Most TV chefs, even the blessed Delia, I find hard to watch. I want to move Nigel Slater's fringe out of the way and tell him to get a bloody move on; cannot stomach the egos of Gordon Ramsay and Nigel Rhodes (have yet to hear a good word said about the latter by anyone who has met him either); Jamie Oliver has too many annoying mannerisms to list, plus I learned how to fry stuff ages ago anyway; and the popularity of the Two Fat Bikers and the surviving Hairy Lady defies my comprehension.

And finally the 'but'. I find HFW very watchable, and likewise Rick Stein. Maybe it's a cultural thing, they are both well educated for a start (but then so is Nigella Lawson, and I can't stand her cream and cleavage frenzies). Or the fact that green issues are at the forefront of their thinking. Anyway, I watched Rick Stein's programme on Mumbai this week and was inspired to cook a curry. Now the house has an all-pervading smell of curry spices (especially fenugreek).

Unsurprisingly given that it is the food of more than a billion people, most very poor, the curry is a great weapon in the austerity cook's armoury. Last night's was actually a prawn curry, so £2.50 for the king prawns, but the plentiful rice was for pennies, I bought the tin of coconut milk for 50p from the exotic shelves at Sainsbury's, added a basics red pepper and a couple of chopped onions, so pennies there too, made quickfire dal with a 79p tin of lentils and some garlicky spiced butter, and we had our fill for not very much. The spices again came from the 'ethnic' shelves, good-sized bags a fraction of the price of pretty Schwarz bottles, and JS naan breads at 80p were about half the price of Sharwood's.

The inspiring thing about Mr Stein's curry was that it was made quickly without in any way being thrown together. I didn't follow his recipe, though I did take his tip of frying my spices more than I would normally have done, with some liquid to hand to prevent burning. No complaints, and next to nothing left, so I think it was a success. When we are in Cornwall this summer if I bump into him in Padstow - we will definitely eat at one of his places - I will shake him by the hand.

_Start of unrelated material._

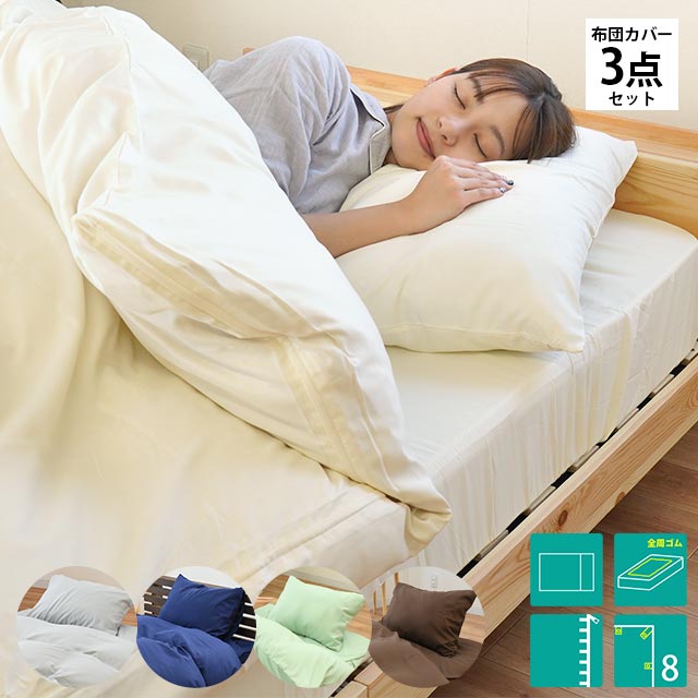 乾きが速くシワになりにくい取り扱い簡単な布団カバー3点セット。 様々な敷き布団にも合う兼用シーツタイプ。無地シンプル5色展開。 ★☆★布団カバーセット一覧はこちら★☆★ [ keyword 布団カバー 3点セット 無地 シングル 掛カバー 枕カバー 兼用シーツ 敷布団カバー マットレスカバー シーツ ボックスシーツ ワンタッチシーツ 3点 セット カバーセット シンプル 掛け布団カバー 敷き布団カバー ピローケース シングルロング 布団用 ベッド用 一人暮らし ひとり暮らし 引っ越し 新生活 新居 ]

A note of praise for Sainsbury's: a week ago I tried to make dal from yellow split peas. Soaked for 32 not 24 hours, they were boiled for the requisite 10 minutes, then simmered for 30 more; then another 30; then another 20, by which time we had waited for the rest of the meal long enough. The peas were bullets, utterly useless. I took the pack and some evidence next day as I was so annoyed, and they gave me my money back and a £5 voucher for the inconvenience.

Tuesday, 25 September 2012

Shopping Diversity

I have written previously about the money to be saved buying stuff from the 'ethnic' aisles in supermarkets, one example of where this makes sense being coconut milk, about half the price of the posher tin elsewhere. I have started looking at the similar freezer section, and found a couple of bargains there.

The first is frozen okra, cut into short pieces, the bag I think 99p containing enough for three meals' worth (I'd guess 500g). We had some in last night's curry, still tasty, easily prepared (stewed in a homemade, tomato-rich sauce), and a bit of a change. That curry btw was served with rice from a mega bag also in the Asian shelves, better quality than the 'normal' white rice we had previously and pound-for-pound much cheaper.

The other is much dearer, but on the bang-for-your-buck scale is still value for money - large freshwater prawns, raw, prepared with heads off and the body split beneath so they open out nicely in cooking, and are easy to peel. There is no comparison in terms of flavour with the very disappointing Taste the Difference king prawns 3m along the freezer, the freshwater ones reminding me of superb meals in Indonesia and the Philippines. A large bag is more than £6, but there's lots of meat (more than in the BOGOF bags that would cost £5) and tons of taste. Defrosted slowly then simply fried with salt and garlic they need nothing else to make a finger-licking starter - an occasional treat but a genuine one, and genuinely big.